The memories fleet through her head, of a stranger following her in the dark streets. It wasn’t until she saw his body crumple on the asphalt that she knew he was only asking for help. They were near a motel, that place they are standing in now, where she’d sneak whenever she could to attend him. He looks too different now. And it’s hard to believe it was only three months ago. But what can’t she not believe after all that he told her?
“Yes,” she utters through puckered lips.
He sits on the bed in the center of the room. “Come,” he says, half-whispering and gestures it with his hand. The tears blur her vision. She sits on his lap and feels his fingers penetrating her hair in rhythmic motion. Every now and then, she lifts her eyes to see his unfocused. At times, his lips part and then close again on something he can’t find his way around. The weight of silence makes the air heavy.
“Is it ever going to be over?” she raises herself from her position abruptly. That movement surprises him and her words leave him puzzled. She now has his full attention. “You refuse to tell me anything about your time, but this I need to know. Will the war ever come to an end?”
He breathes deeply. “Yes.”
“When?”
“Soon.”
“Will the world better?”
“No.”
“Why?” It provokes him deeply. It flings him out of whatever thought deluging his head.
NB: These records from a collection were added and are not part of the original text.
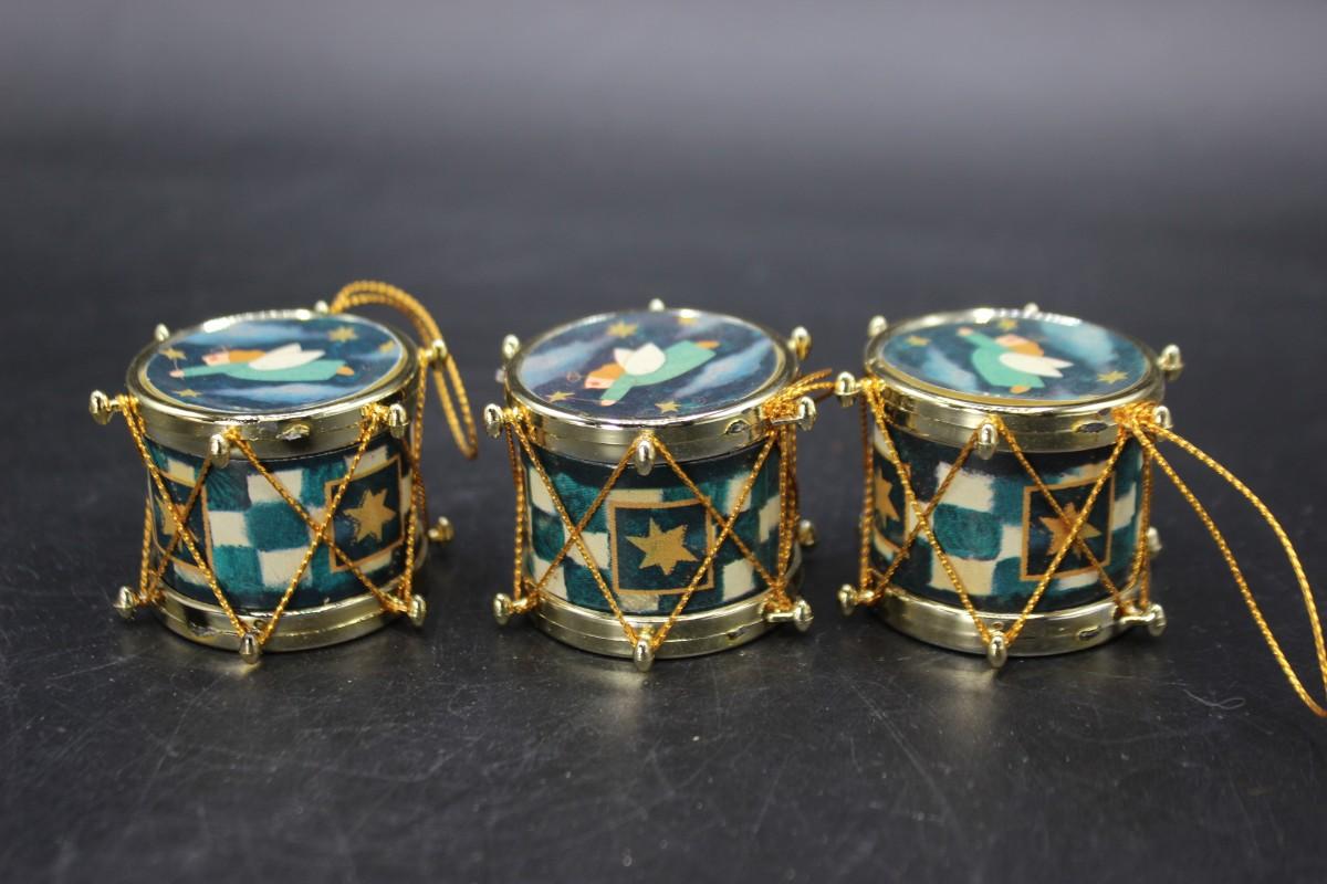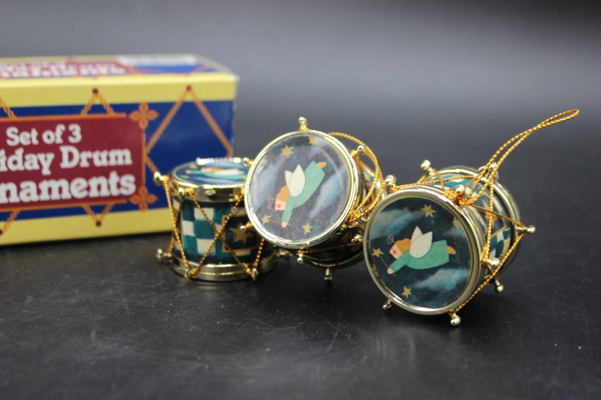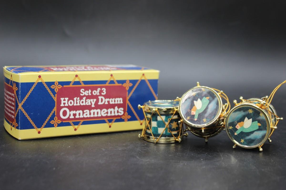 Set of 3 Holiday Drum Ornaments Giftco Inc. with Original Box
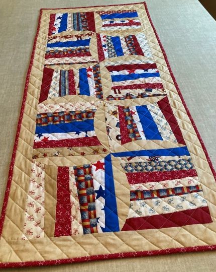 Sandy, Just in time for the 4th of July. It looks great! I like the idea of using iinsul-bright batting for hot dishes. HelenWOriginally posted by sandytn View PostI ended up making a table runner from my Spinning Spool blocks. I used Insul-Bright Batting so I can safely set hot dishes on the table. I still have some blocks that I will use to make some hotpads.HelenW
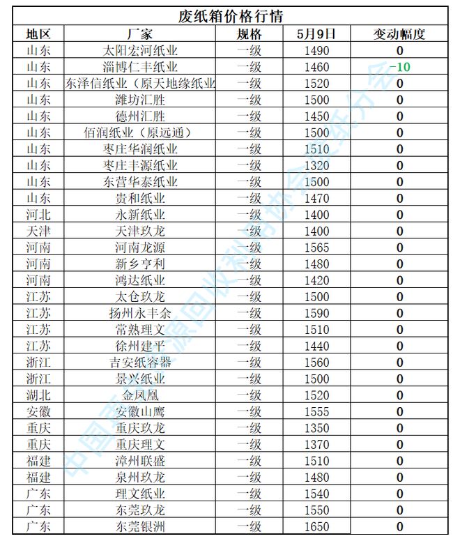 (以上价格表中,均为各纸厂价格,红色为上涨,绿色为下跌,黑色为纸厂或网友指正的价格) (新乡亨利价格为开具增值税普通的收购价格)
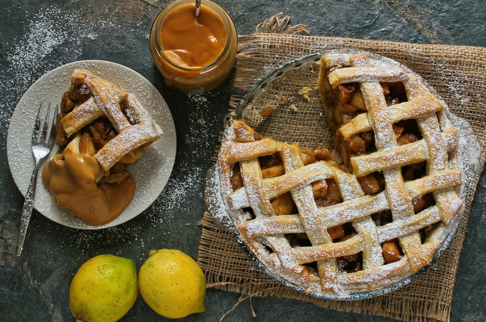 SPICED APPLE PIE WITH CREAMY CARAMEL CUSTARD
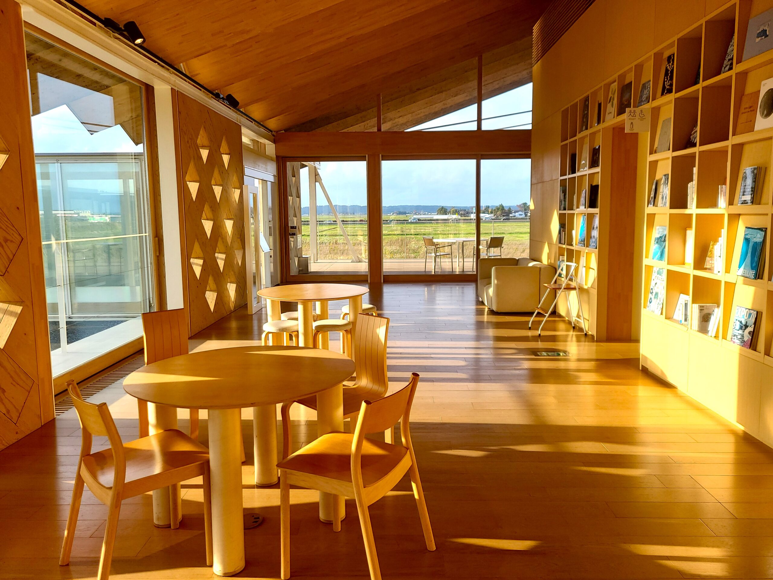 スイデンテラスには、2つのライブラリーがあり、2000冊の中からピンとくる本を手に取って、晴耕雨読の時を過ごします。誰でも利用できる共用棟ライブラリーには、10のテーマを元に並ぶ約1000冊の本棚があり、その先には、一面に広がる田園風景。開放的で心地よい空間で読書を楽しむことができます。
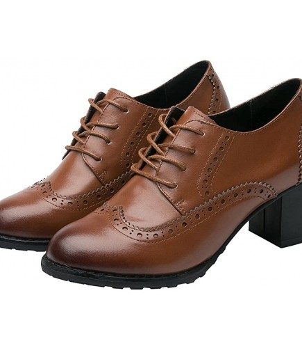 - Designed with perforated features, lace up front, round toe front, stitch details, chunky heel
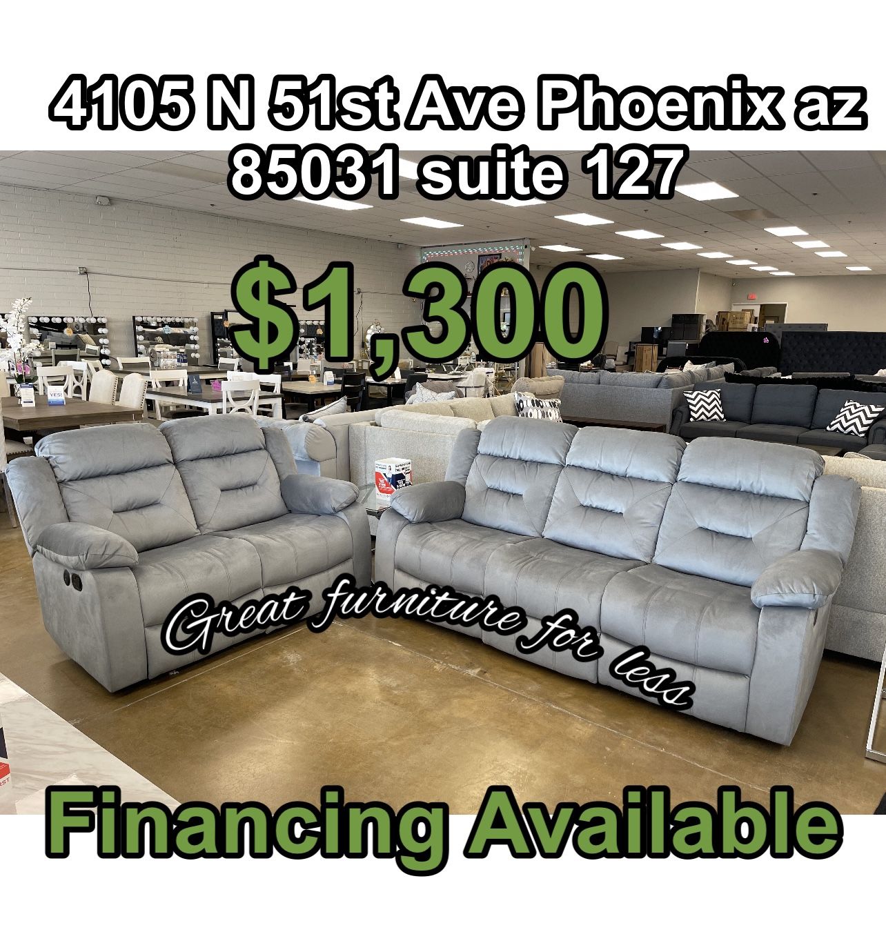 Great furniture for less 4105 N 51st ave phoenix az 85031 suite #127 ☎️ 6️⃣0️⃣2️⃣🧲4️⃣1️⃣9️⃣🧲8️⃣7️⃣5️⃣1️⃣ ☎️ 4️⃣8️⃣0️⃣🧲9️⃣3️⃣0️⃣🧲6️⃣0️⃣7️⃣2️⃣ ✅✅✅FINANCING AVAILABLE ✅✅✅ ⏰Store Hours 10:00 am to 8:00 pm⏰ ✅Bedroom sets ✅impressions vanity ✅bunk beds ✅sectional ✅Dining table sets ✅bed frame ✅sofa and loveseat
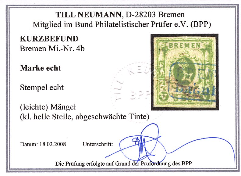 | Prüfer: | Neumann, Till (BPP (Bund Philatelistischer Prüfer)) |
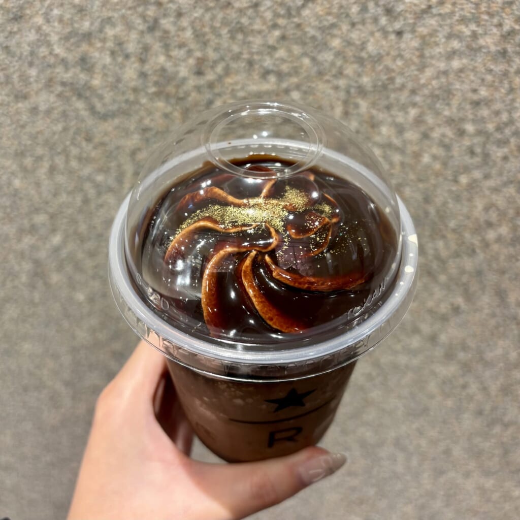 高校生の時バレンタインシーズンにスタバで飲んだ大好きなフラペチーノだったので、また飲めて感激です! 最後にトッピングする金箔も健在でした!
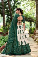 Step into timeless elegance with this White Dola Silk Lehenga Choli, beautifully complemented by a Forest Green Tussar Silk blouse. Crafted from premium Dola Silk, the lehenga showcases intricate Bandhej Print work, stitched with canvas and Can-Can for a voluminous 3.8-meter flair.
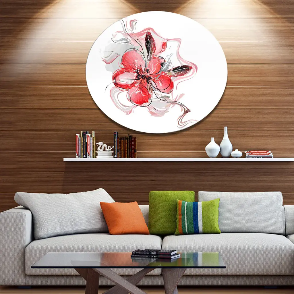 Bring Contemporary Abstraction to your home with this large Circle Metal wall art. This Red Floral Watercolor Sketch Metal Artwork makes it the focal point of any room or office. - White Gloss Coating ensures colors are extra vibrant with light reflection.- Aluminum grade Sheet Metal with 1 inch mounting frame on the back giving the illusion that the artwork is floating on the wall..- Mounting Brackets are included along with instructions.- High Quality Digital images are created directly into a glossy aluminum panel producing a stunning and captivating print into the glossy finish of the metal.- Water, Fire and Scratch resistant HD Aluminum panels.- Looks better than any photo paper and guaranteed to last at least 20 years- Easy to clean with a microfiber cloth. Colors are far superior to regular Canvas Art. - Easy to Hang
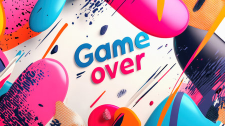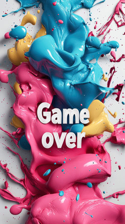 Vibrant splashes of pink, blue, and yellow paint create a dynamic visual, with game over signifying an end or conclusion
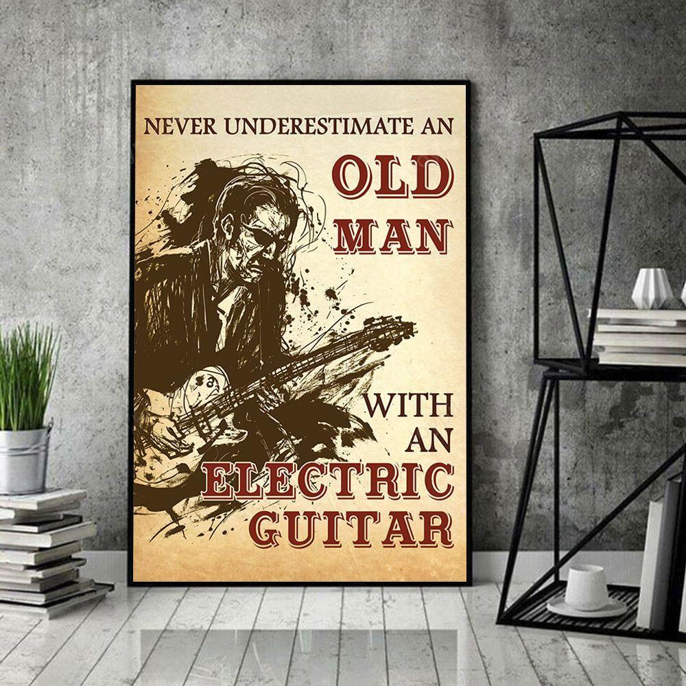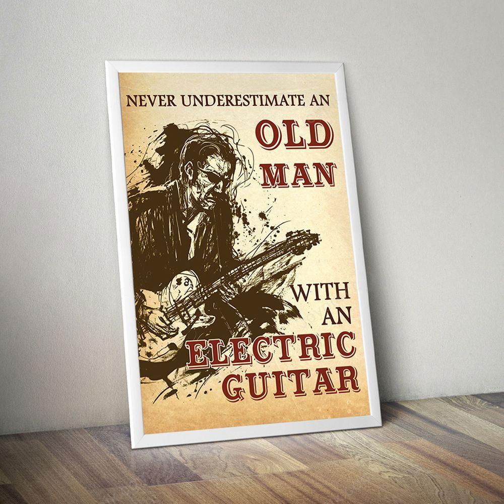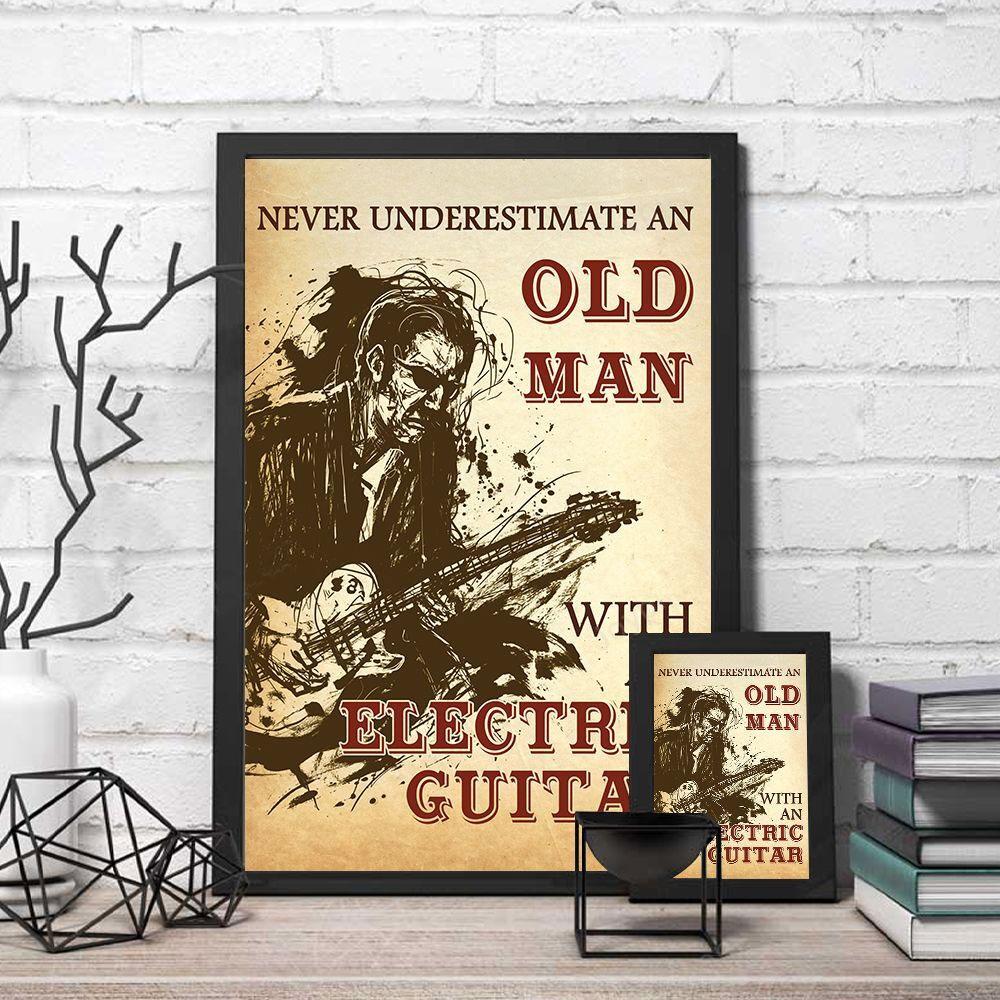 Poster Canvas Never Underestimate An Old Man With An Electric Guitar Poster, Grandpa Gift Decor Home Decor Wall Art
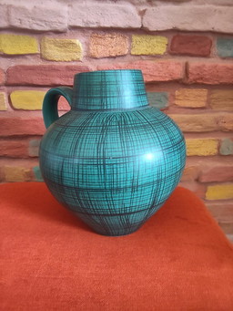 Großer, glasierter Steingutkrug, signiert, Zeitraum 1950-60
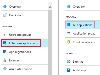 - 在 Azure 门户中打开应用程序视图,导航到目录视图,接着转到“企业应用程序”,并单击“所有应用程序”。
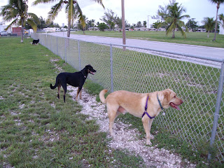 Daniel is another park regular. he is a cross-breed and a very good friend of Sasha, the Rat Terrier. In the picture below right to left is Hooter, Daniel and that black spot way down there is Auntie Essex. You can see the path she has worn down from almost four years of fence patrol. She is waiting for the next evil golf cart to pass by. I hear Dad coming so I have to go.
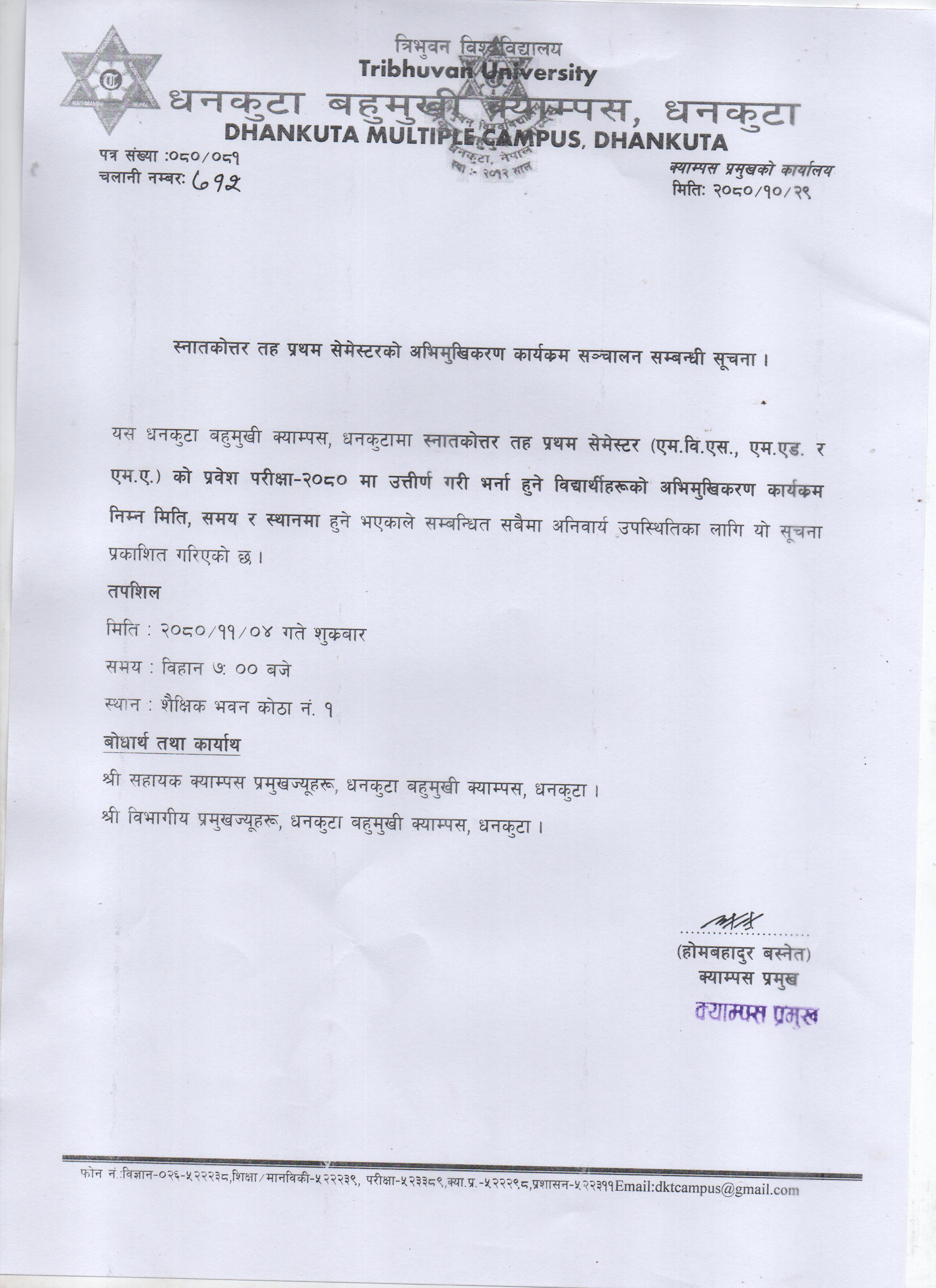 स्नातकाेत्तर तह प्रथम सेमेष्टरकाे अभिमुखीकरण कार्यक्रम सन्चालन सम्बन्धी सूचना ।

“Because…because we are human that’s why. We crave the scent of blood and tread on others to have it. We want authority, we want control. Nobody and nothing is ever allowed to be beyond us. They’ll kill you because you have different color or religion. They’ll kill you because you don’t agree with them. They’ll kill you because you have more fuckin’ money. They will kill you because you are not as human as they are. Believe me, they get very creative when it comes to inventing causes, but, they have only one cause, they kill you for the sake of having killed you. My hands bear the blood of more people you can imagine. They’ll say that killing is ugly and put on the masks of saints who do such a great sacrifice when they take another life. But no, killing is not ugly. It’s you, being liberated of all that is human to be a pure animal with your filthiest desires moving your hands to shred bodies. You know why they’ve sent me in here? To kill you. You will give birth to a child who will cause them much trouble in the future. They want to eliminate all possibilities of him, or anyone like him to be born. Nothing was known about the father, so they sent me here to kill you.”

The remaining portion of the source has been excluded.